[Extracted records]
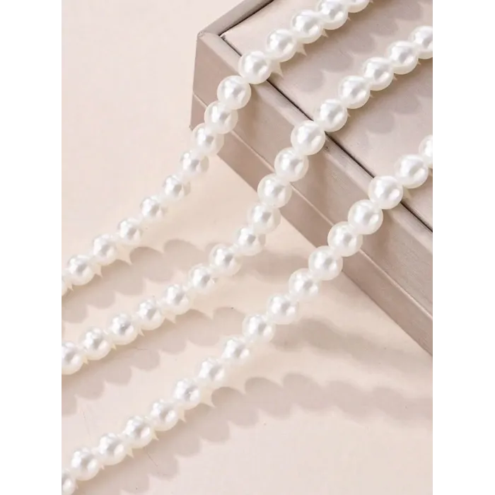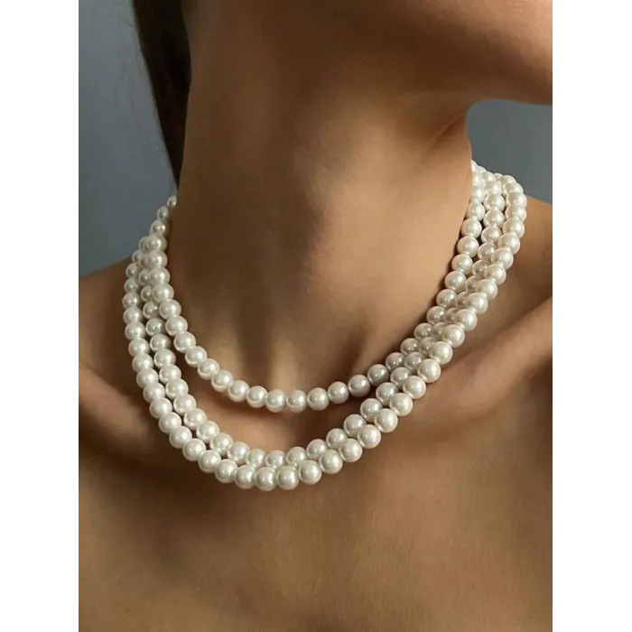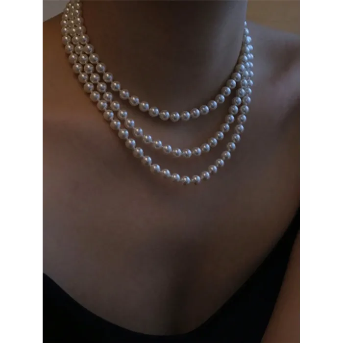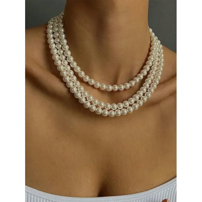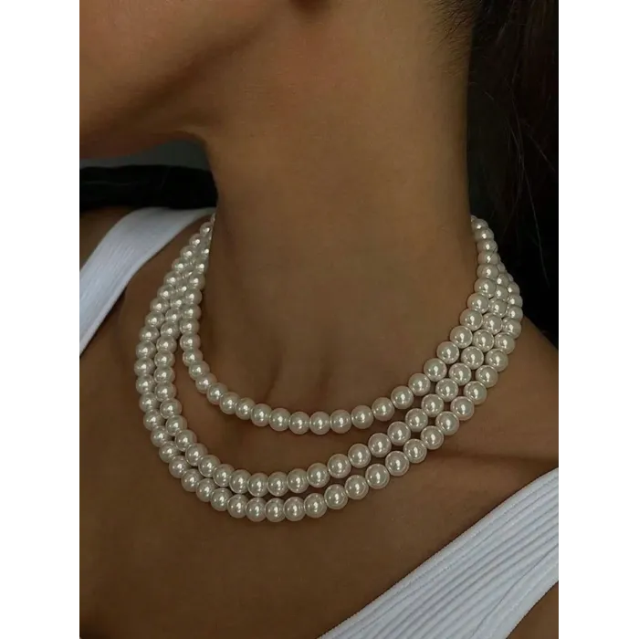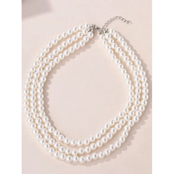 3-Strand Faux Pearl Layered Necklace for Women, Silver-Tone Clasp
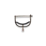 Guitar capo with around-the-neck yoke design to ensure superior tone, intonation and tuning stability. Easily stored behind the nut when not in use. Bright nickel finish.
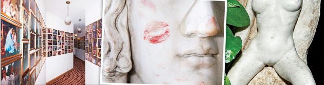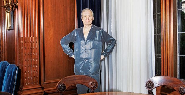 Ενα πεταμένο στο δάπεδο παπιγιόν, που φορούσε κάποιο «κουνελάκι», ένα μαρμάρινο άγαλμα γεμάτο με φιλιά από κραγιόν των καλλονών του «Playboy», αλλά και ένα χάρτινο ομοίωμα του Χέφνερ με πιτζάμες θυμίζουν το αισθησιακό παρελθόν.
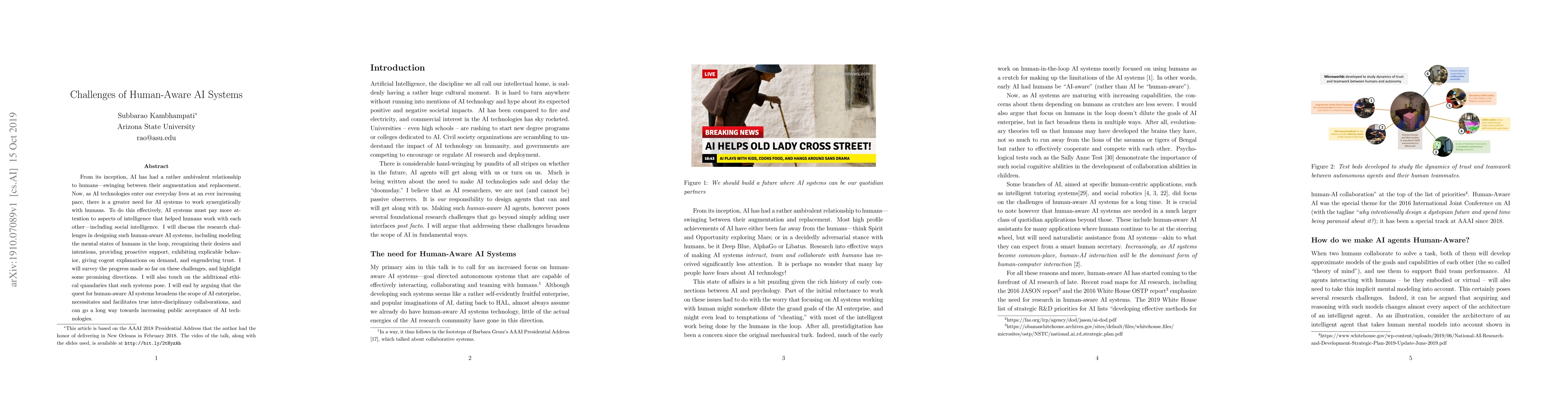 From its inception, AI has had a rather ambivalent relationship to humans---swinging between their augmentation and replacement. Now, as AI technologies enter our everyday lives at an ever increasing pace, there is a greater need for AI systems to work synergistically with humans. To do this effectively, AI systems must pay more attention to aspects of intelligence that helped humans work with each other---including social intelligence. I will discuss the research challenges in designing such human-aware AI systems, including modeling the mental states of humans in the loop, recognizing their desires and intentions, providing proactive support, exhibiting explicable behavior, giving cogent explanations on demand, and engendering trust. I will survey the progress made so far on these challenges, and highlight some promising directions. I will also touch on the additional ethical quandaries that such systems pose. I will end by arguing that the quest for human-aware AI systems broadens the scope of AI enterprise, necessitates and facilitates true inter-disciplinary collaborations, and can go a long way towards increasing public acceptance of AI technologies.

--

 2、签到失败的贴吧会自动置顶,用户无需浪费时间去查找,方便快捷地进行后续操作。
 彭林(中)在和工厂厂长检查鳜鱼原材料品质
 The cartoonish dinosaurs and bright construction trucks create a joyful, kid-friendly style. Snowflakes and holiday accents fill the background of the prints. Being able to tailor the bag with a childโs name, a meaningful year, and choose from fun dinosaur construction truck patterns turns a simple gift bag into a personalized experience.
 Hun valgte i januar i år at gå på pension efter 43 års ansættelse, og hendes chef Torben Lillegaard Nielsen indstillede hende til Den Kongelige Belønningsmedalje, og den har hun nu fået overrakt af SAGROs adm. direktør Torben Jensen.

---

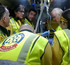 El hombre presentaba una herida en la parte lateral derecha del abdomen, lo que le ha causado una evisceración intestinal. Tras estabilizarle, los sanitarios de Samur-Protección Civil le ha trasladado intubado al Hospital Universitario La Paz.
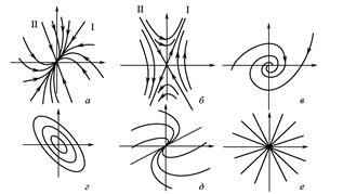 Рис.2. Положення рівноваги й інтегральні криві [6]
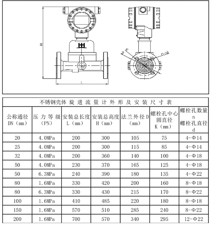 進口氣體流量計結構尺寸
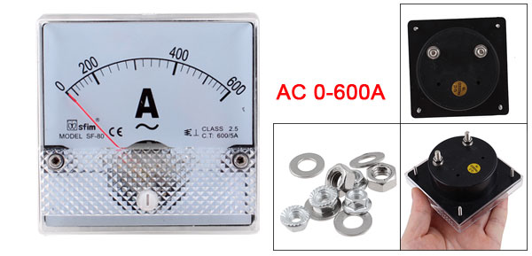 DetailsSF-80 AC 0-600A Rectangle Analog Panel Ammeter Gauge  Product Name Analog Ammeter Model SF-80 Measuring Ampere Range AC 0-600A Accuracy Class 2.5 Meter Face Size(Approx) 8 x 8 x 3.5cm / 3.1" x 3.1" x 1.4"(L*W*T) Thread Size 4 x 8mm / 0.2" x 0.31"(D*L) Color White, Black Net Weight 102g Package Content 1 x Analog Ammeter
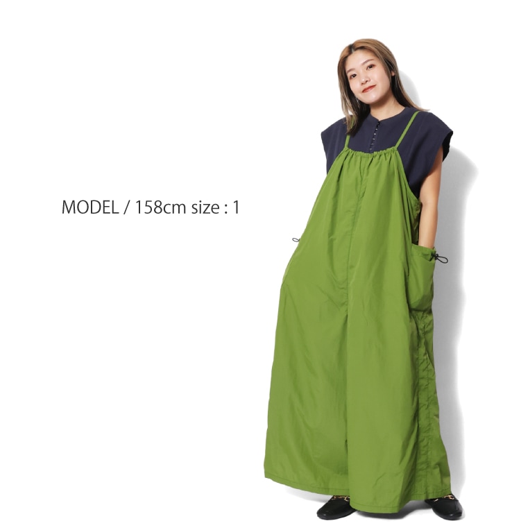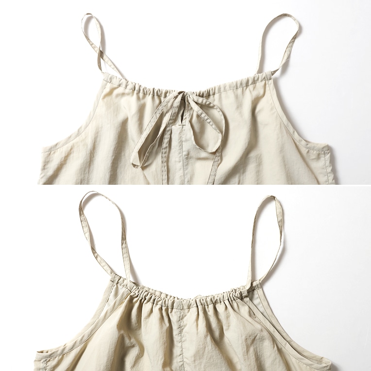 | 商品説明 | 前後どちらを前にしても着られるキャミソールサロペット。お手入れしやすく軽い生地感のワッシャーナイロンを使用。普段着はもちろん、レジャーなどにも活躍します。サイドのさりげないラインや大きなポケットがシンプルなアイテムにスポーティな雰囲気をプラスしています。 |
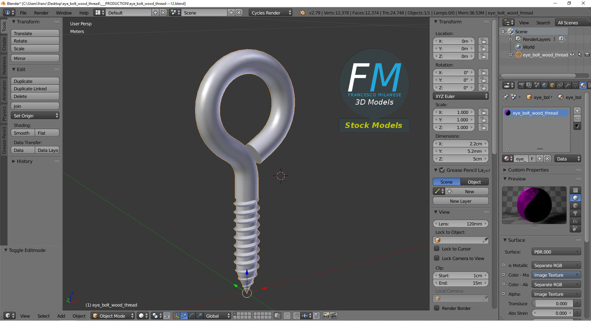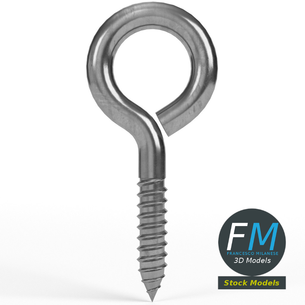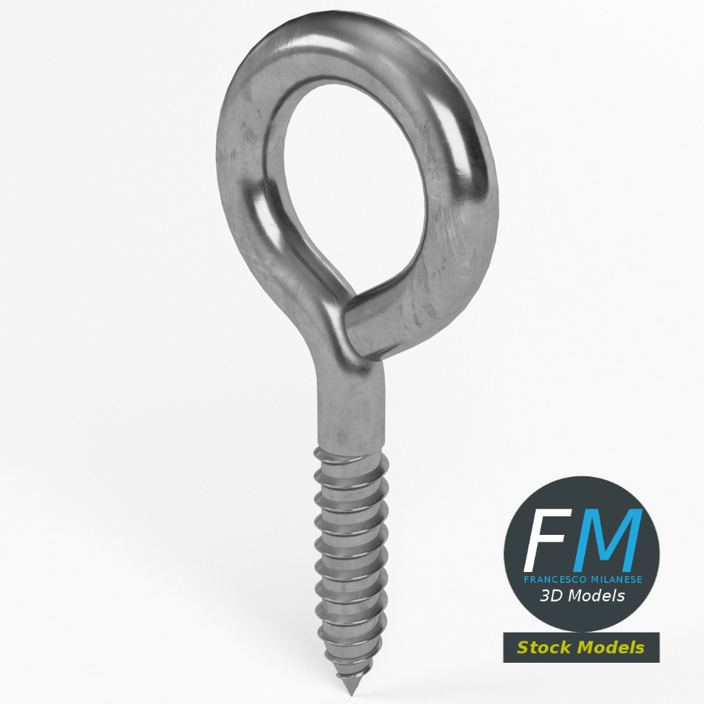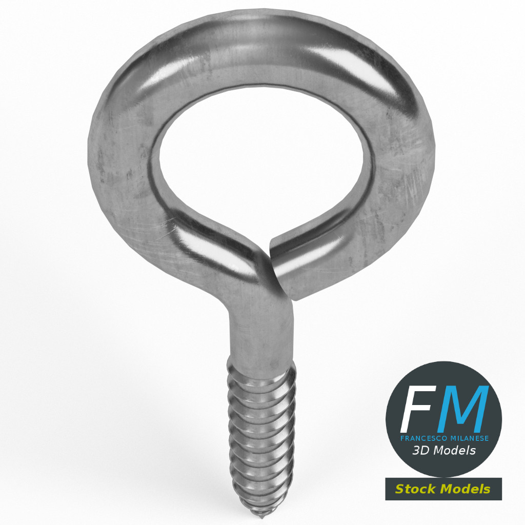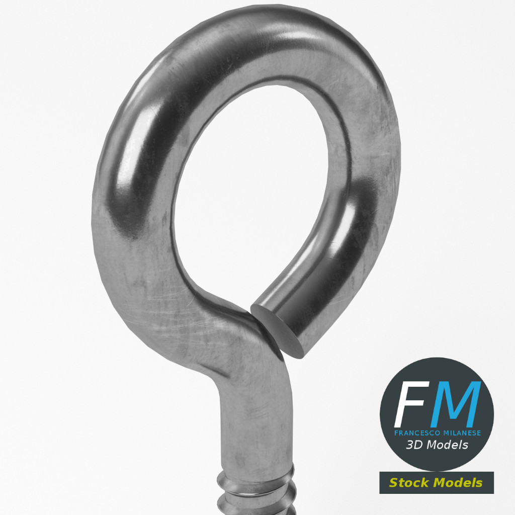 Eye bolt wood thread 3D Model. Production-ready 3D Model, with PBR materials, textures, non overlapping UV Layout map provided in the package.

[Exercise details] Output exactly the lines above that lie between the line with "Guitar capo with" and the line with "Ενα πεταμένο στο", those two lines included, and no pictures.

[Solution]
 Guitar capo with around-the-neck yoke design to ensure superior tone, intonation and tuning stability. Easily stored behind the nut when not in use. Bright nickel finish.
 Ενα πεταμένο στο δάπεδο παπιγιόν, που φορούσε κάποιο «κουνελάκι», ένα μαρμάρινο άγαλμα γεμάτο με φιλιά από κραγιόν των καλλονών του «Playboy», αλλά και ένα χάρτινο ομοίωμα του Χέφνερ με πιτζάμες θυμίζουν το αισθησιακό παρελθόν.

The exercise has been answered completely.